他方、スマホやメールで常時、連絡がとれる現在は、職場を離れても仕事とのつながりが断てずプライベートとの切り替えが難しくなった感もあります。休日など勤務時間外に職場から受ける連絡は気分のよいものではありません。
そこで取り沙汰されるのが「つながらない権利」の必要性です。
勤務時間外に働き手が職場からの連絡を遮断・拒否できることをいい、海外ではフランスやイタリアなどで法制化。2024年8月にはオーストラリアでも施行されました。
日本でもつながらない権利を法制化すれば、“休日対応”を迫られる人々の悩みは解消されるか、というと、当然ながら問題はそう単純ではありません。企業と働き手の双方にとってベストな「つながらない権利」の形は、いかにして可能なのでしょうか。
ワークスタイル研究家/しゅふJOB総研 研究顧問/4児の父・兼業主夫
愛知大学文学部卒業。雇用労働分野に20年以上携わり、人材サービス企業、業界専門誌『月刊人材ビジネス』他で事業責任者・経営企画・人事・広報部門等の役員・管理職を歴任。
所長として立ち上げた調査機関『しゅふJOB総研』では、仕事と家庭の両立を希望する主婦・主夫層を中心にのべ5万人以上の声をレポート。
NHK「あさイチ」他メディア出演多数。
スマホが行き渡り、常時つながる状態になったのは世界共通です。これは、テクノロジーの進化によって生み出された変化であり、同時につながらない権利もまた世界共通の課題といえます。
一方で、ワークライフバランスが推奨され、働き方改革も進められてきています。仕事と休息のバランスが大切にされるようになったにもかかわらず、常時つながっている社会が構築されたことで、仕事から完全には解放されないという矛盾した状態が生まれてしまったことになります。
かつて、昭和から平成にかけて企業戦士たちが「24時間戦えますか?」などと鼓舞された時代でも、会社から一歩外に出れば社員は自ずと仕事から切り離されました。いまは会社とのつながりを切ろうにも切れない点において、モーレツ労働が求められた時代以上の束縛が生じているともいえます。
勤務時間外も業務対応に追われ、心身の健康が損なわれてしまっては、労働契約法や労働安全衛生法によって定められている安全配慮義務の観点から望ましくありません。つながらない権利が法制化されていない現状であっても、会社側は一定の責任を負っています。
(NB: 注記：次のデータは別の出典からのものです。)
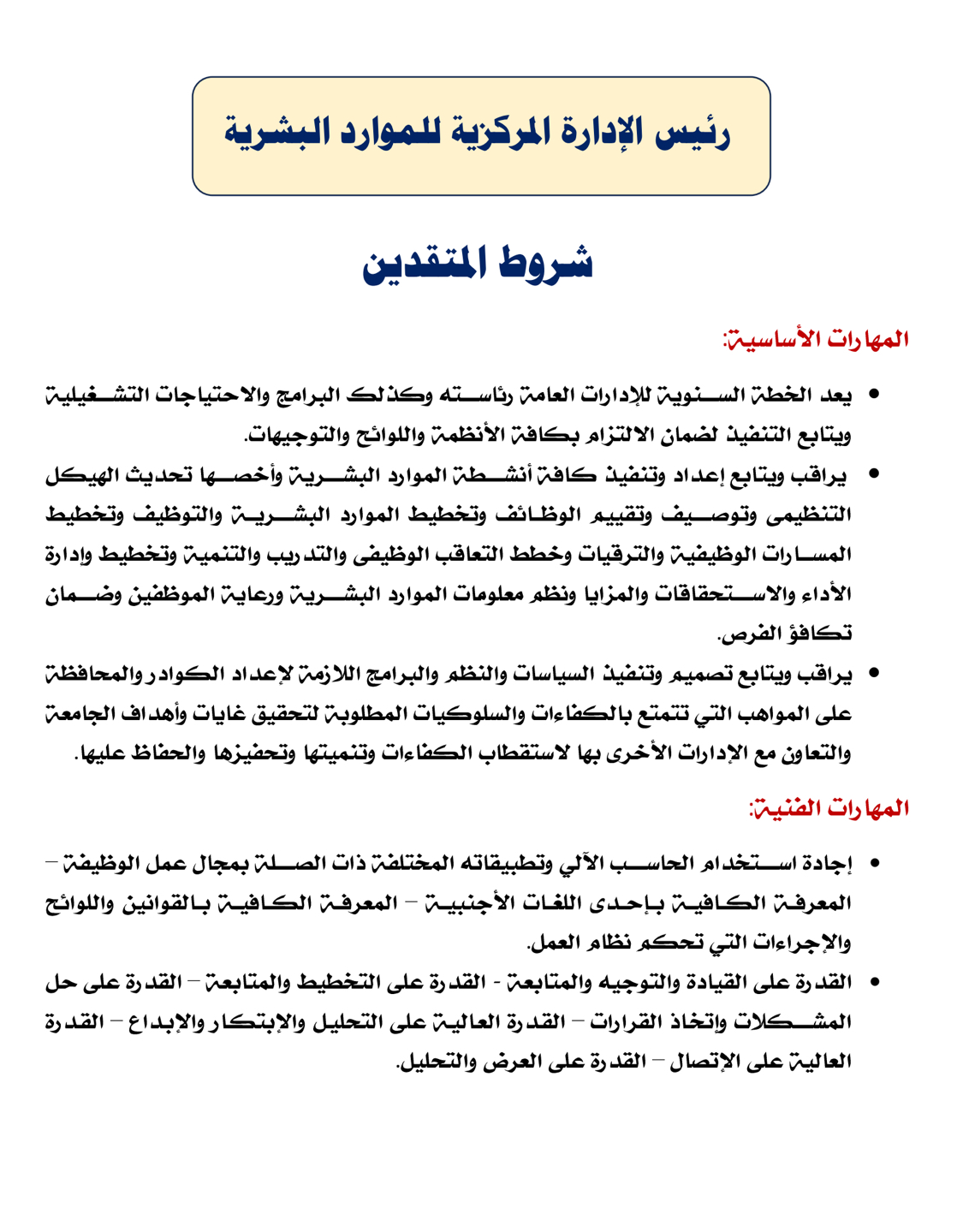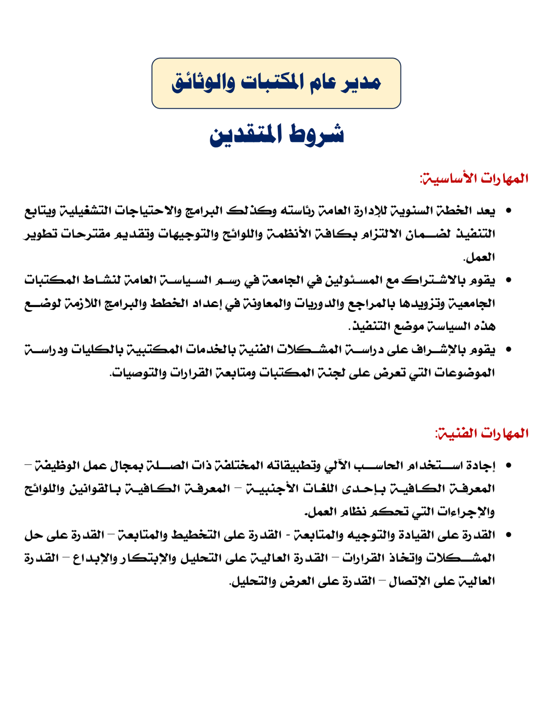 • إجادة استخدام الحاسب الآلي وتطبيقاته المختلفة ذات الصلة بمجال عمل الوظيفة – المعرفة الكافية بإحدى اللغات الأجنبية – المعرفة الكافية بالقوانين واللوائح والإجراءات التي تحكم نظام العمل.
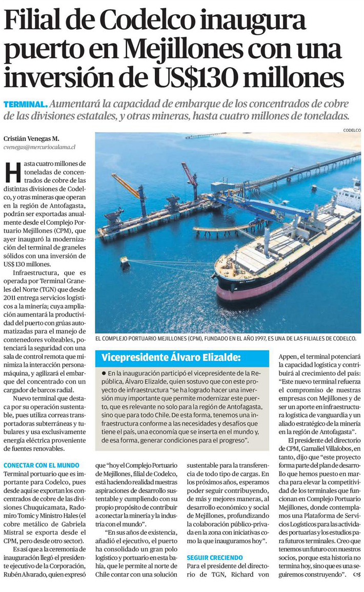 Puerto Angamos: TGN inaugura nuevo terminal para el embarque de concentrados de cobre en el norte de Chile - (mundomaritimo)

また、社員側は基本的に勤務時間外の労働義務は発生しませんし、仕事とのつながりを完全に遮断してしまうと不便なこともあります。例えば、緊急対応が必要で勤務時間外であっても連絡がとれないとその後の仕事にも支障が出るような場合や、休み明けの仕事をスムーズに開始するためにメールなどをチェックしておきたいなど事情はさまざまです。
それらを踏まえると、つながらない権利が求められているのは、必ずしもつながり自体の遮断が目的とは限りません。勤務時間外に受けた職場からの連絡を確認するか否か、また返信するかといったアクションなどについて、社員自身の裁量と意思で決められるよう「レスポンス主導権」を認めることを意味している面もありそうです。